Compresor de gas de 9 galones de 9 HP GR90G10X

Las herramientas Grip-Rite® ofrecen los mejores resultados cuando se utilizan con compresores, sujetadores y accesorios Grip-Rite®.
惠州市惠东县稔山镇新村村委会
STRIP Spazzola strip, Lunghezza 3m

- - - - -

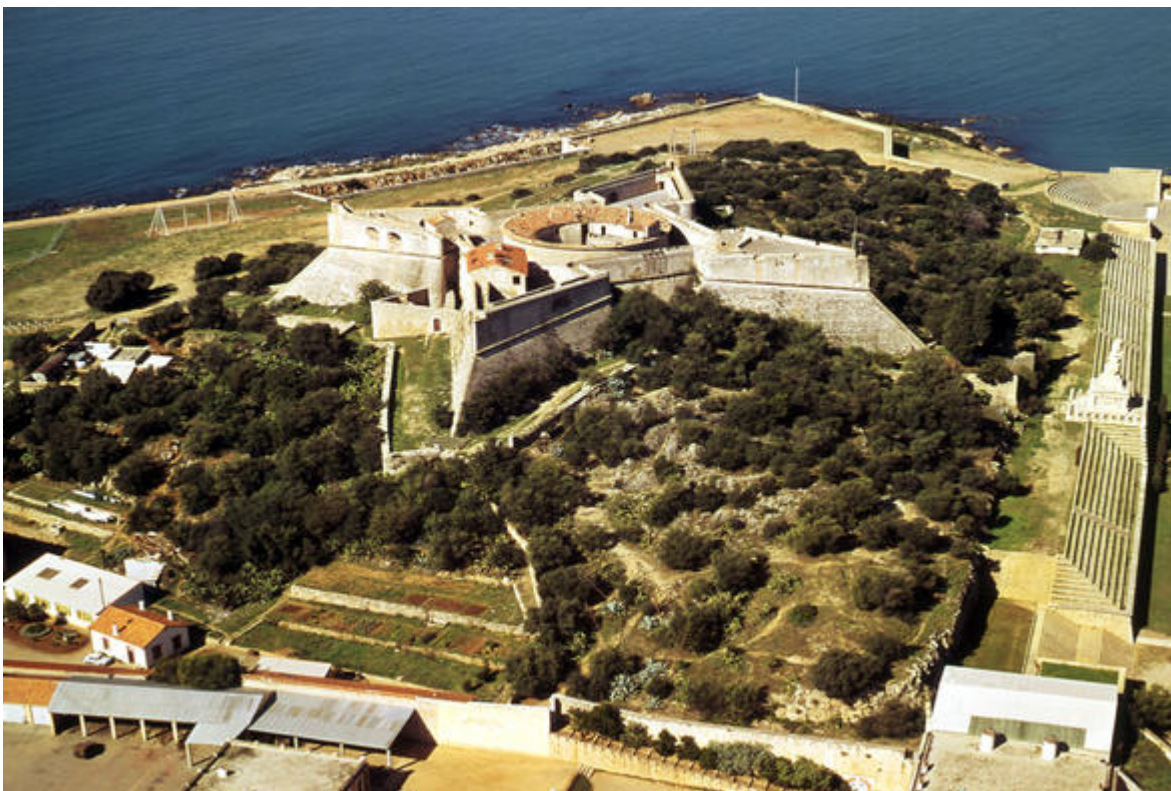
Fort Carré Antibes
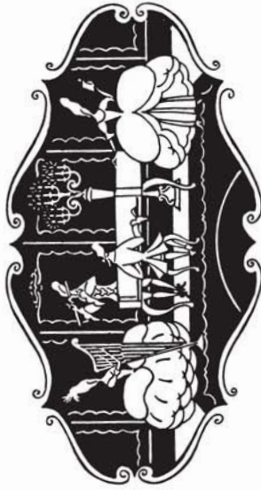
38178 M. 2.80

- - - - -

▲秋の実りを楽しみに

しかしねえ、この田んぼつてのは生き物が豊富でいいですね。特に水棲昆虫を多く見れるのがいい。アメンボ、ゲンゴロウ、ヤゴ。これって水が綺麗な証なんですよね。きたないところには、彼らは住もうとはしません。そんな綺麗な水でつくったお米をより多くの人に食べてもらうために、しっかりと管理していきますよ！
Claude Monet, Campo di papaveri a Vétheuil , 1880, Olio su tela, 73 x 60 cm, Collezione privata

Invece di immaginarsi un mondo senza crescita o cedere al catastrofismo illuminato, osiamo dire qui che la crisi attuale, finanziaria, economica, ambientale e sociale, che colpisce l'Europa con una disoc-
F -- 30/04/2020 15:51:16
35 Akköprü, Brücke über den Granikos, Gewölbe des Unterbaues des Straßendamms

- - - - -

THE TASK:
Taking the entries above, write out exactly each line from the one holding "F -- 30/04/2020 15:51:16" to the one holding "35 Akköprü, Brücke", both included, and stop there.

ANSWER TO THE PROBLEM:
F -- 30/04/2020 15:51:16
35 Akköprü, Brücke über den Granikos, Gewölbe des Unterbaues des Straßendamms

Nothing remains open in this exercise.